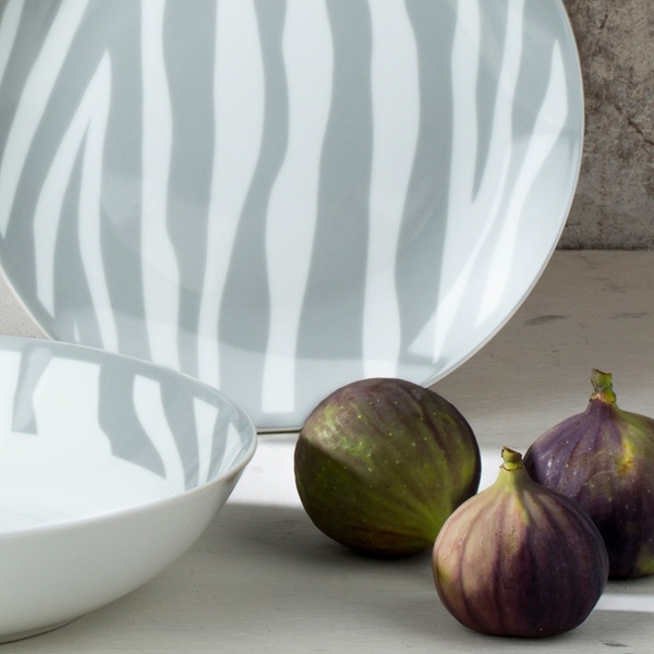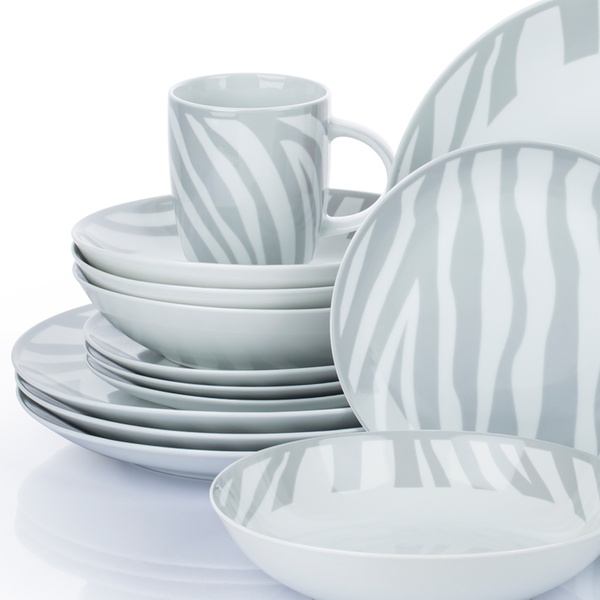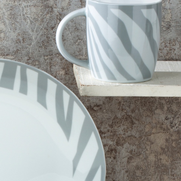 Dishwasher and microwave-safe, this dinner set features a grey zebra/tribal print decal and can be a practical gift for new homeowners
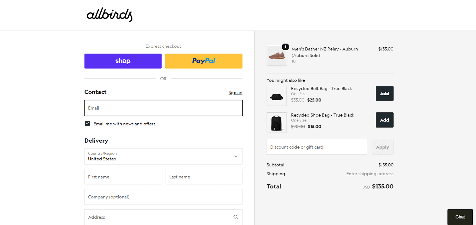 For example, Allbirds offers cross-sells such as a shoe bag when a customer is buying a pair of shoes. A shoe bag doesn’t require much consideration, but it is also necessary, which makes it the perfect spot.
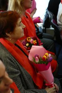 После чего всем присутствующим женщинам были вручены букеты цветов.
_ _ _ _ _
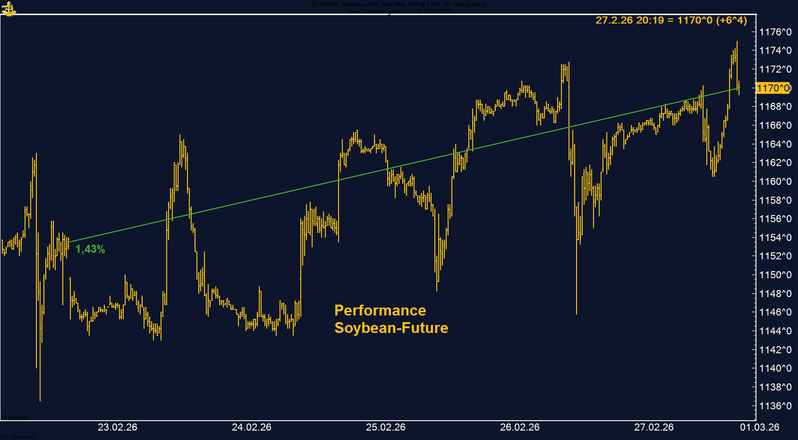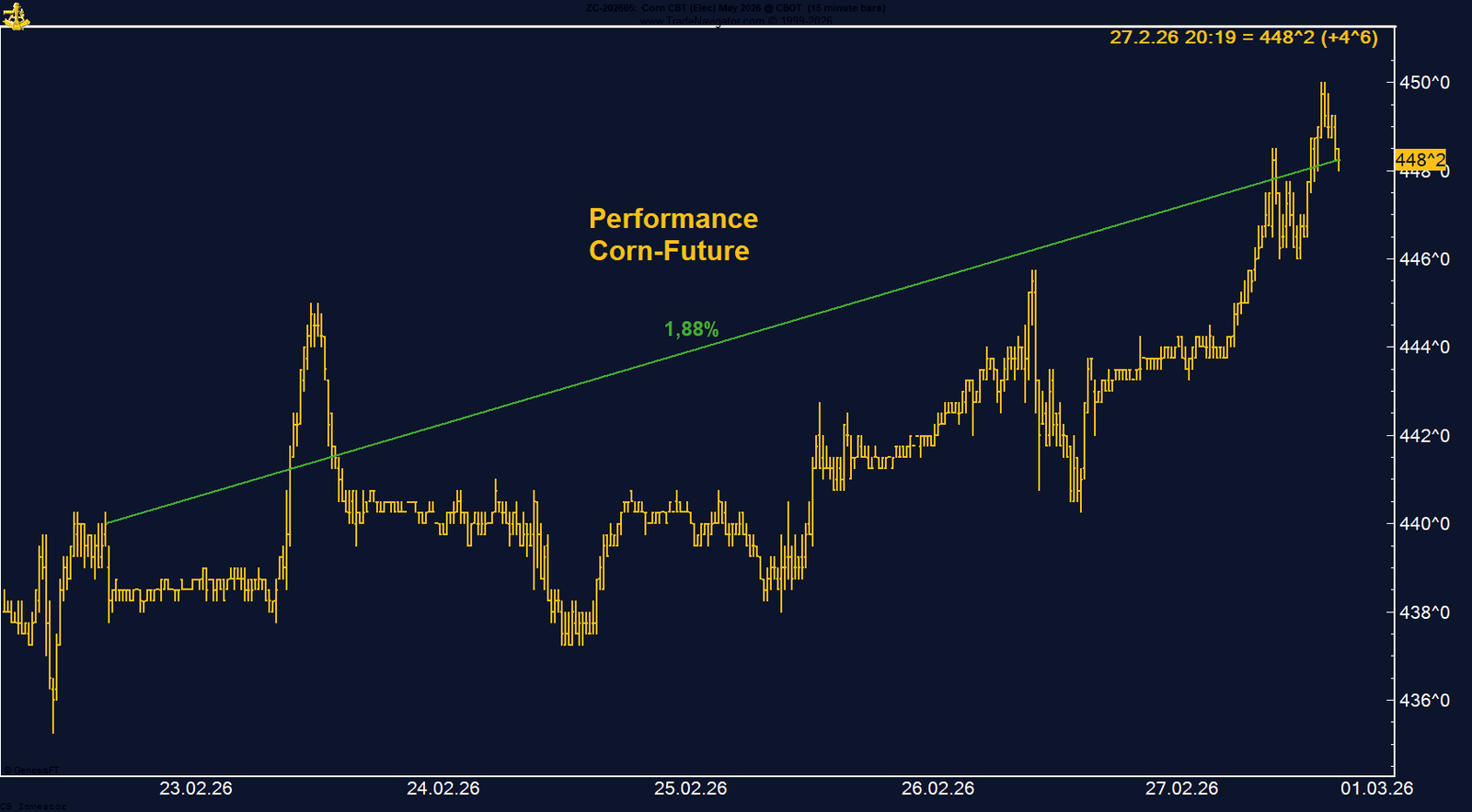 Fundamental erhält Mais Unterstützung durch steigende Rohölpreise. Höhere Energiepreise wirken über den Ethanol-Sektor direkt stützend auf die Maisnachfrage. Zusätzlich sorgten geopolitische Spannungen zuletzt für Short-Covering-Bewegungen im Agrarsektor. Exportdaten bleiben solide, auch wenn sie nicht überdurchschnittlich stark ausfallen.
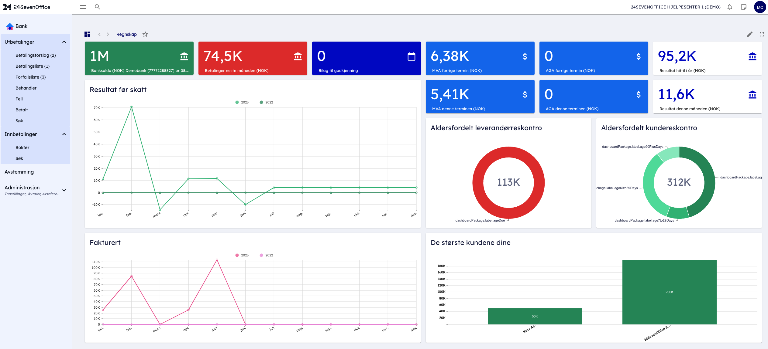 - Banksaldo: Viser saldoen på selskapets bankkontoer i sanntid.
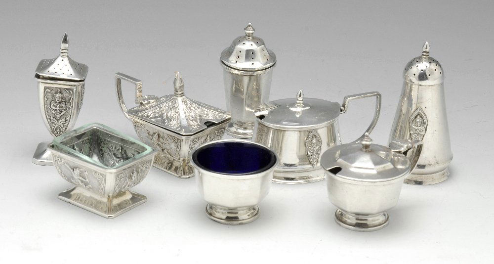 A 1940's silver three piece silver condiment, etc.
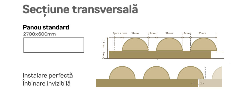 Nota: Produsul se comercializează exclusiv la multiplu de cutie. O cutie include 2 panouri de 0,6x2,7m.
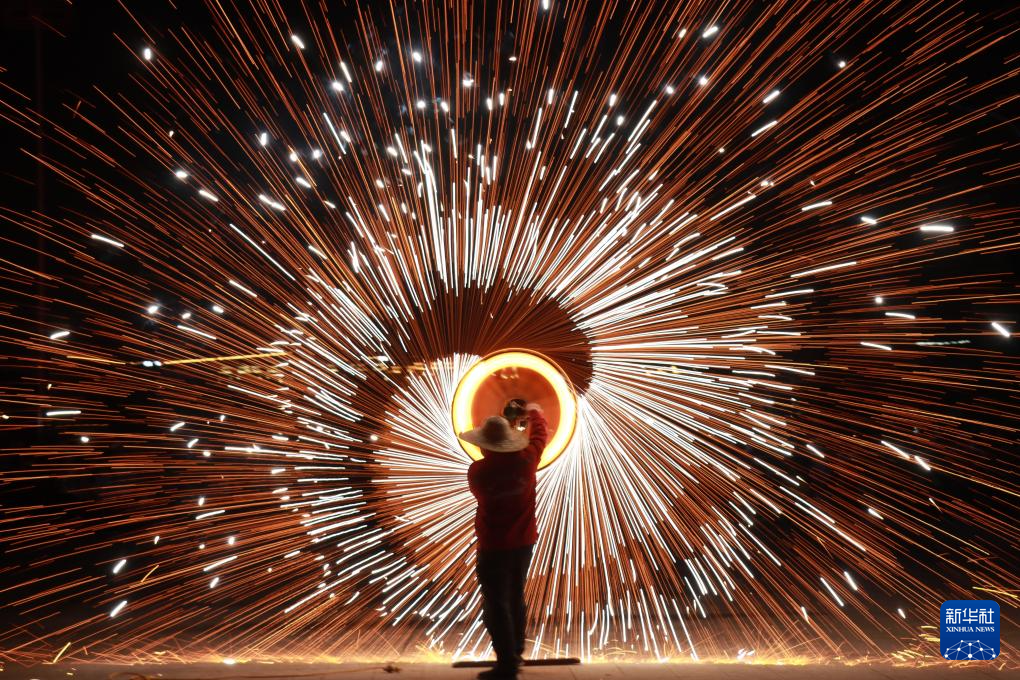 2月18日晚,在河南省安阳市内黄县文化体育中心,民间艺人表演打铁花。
_ _ _ _ _
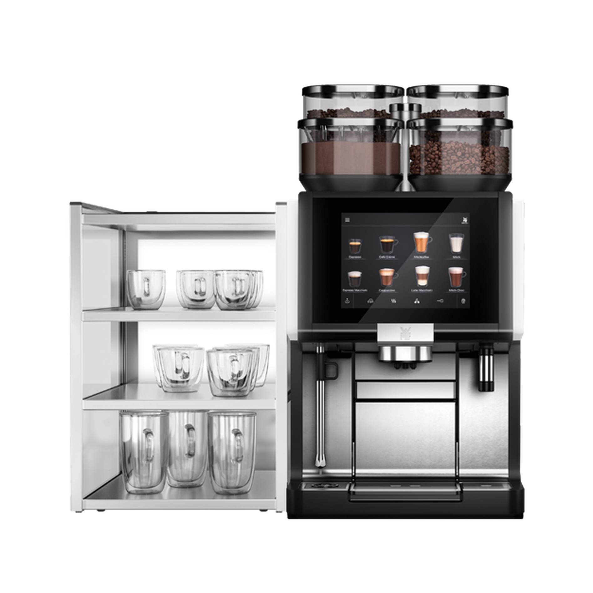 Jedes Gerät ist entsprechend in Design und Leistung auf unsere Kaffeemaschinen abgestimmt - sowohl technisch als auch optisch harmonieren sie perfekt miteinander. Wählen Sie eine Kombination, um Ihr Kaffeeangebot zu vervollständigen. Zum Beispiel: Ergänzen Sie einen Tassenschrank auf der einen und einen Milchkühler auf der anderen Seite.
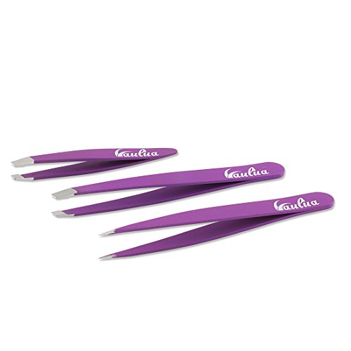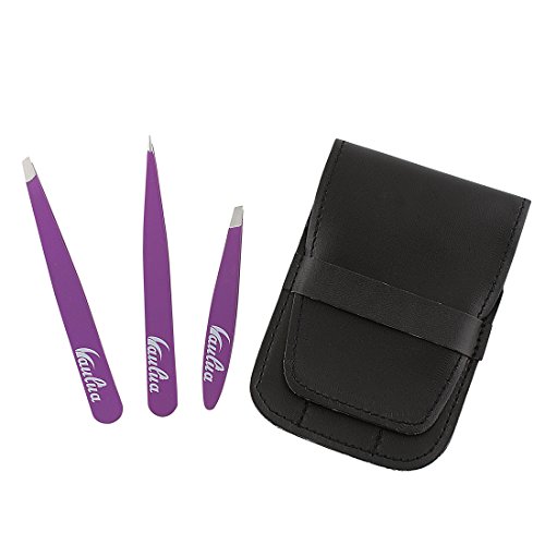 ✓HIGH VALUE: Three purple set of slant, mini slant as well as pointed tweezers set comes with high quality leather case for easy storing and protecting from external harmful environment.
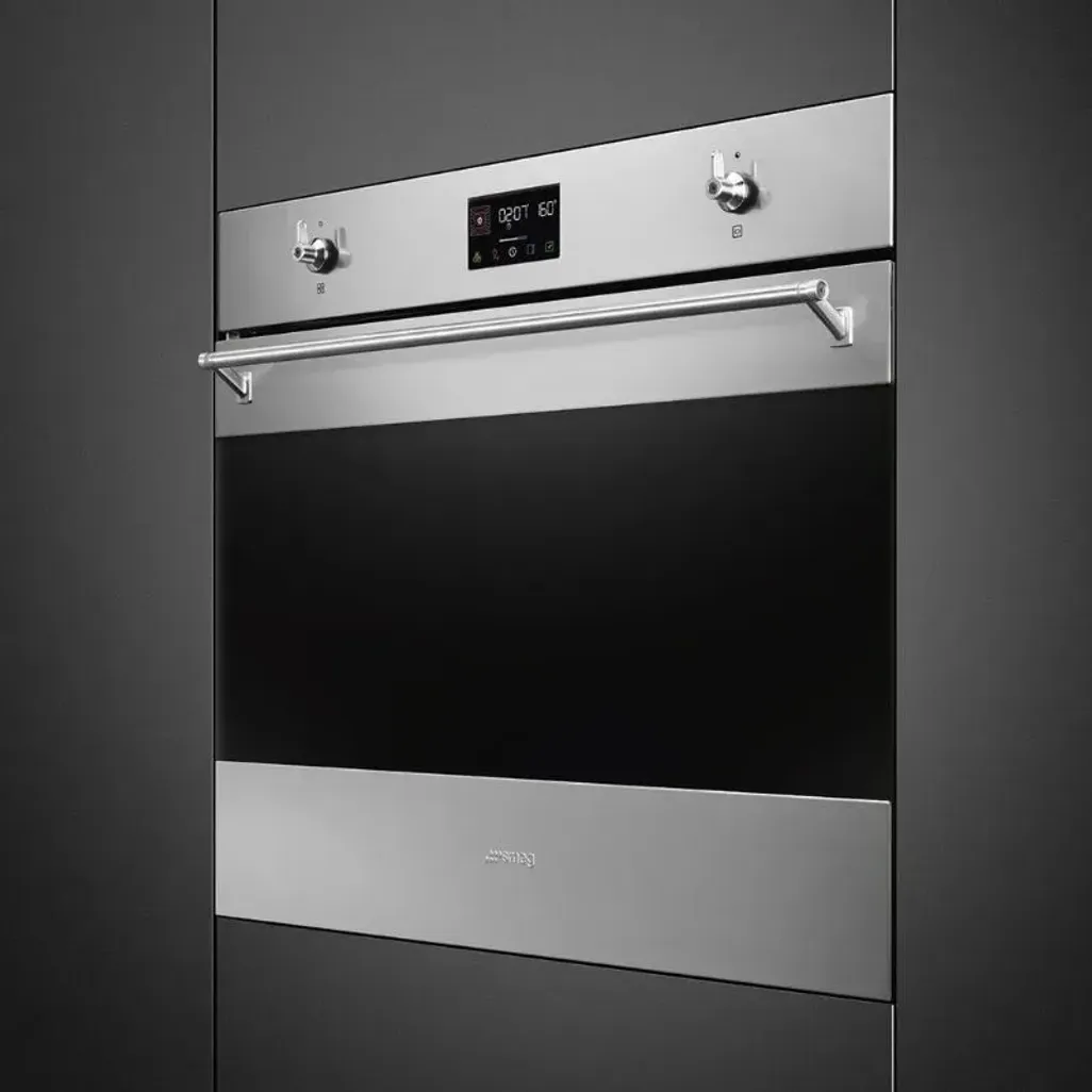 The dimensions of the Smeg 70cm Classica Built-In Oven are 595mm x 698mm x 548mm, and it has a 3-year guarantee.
_ _ _ _ _
■ What you will do ■
Among the entries above, take the lines from the one with "Dishwasher and microwave-safe, this" through the one with "После чего всем" and retype them exactly, leaving out the pictures.

■ Solution ■
 Dishwasher and microwave-safe, this dinner set features a grey zebra/tribal print decal and can be a practical gift for new homeowners
 For example, Allbirds offers cross-sells such as a shoe bag when a customer is buying a pair of shoes. A shoe bag doesn’t require much consideration, but it is also necessary, which makes it the perfect spot.
 После чего всем присутствующим женщинам были вручены букеты цветов.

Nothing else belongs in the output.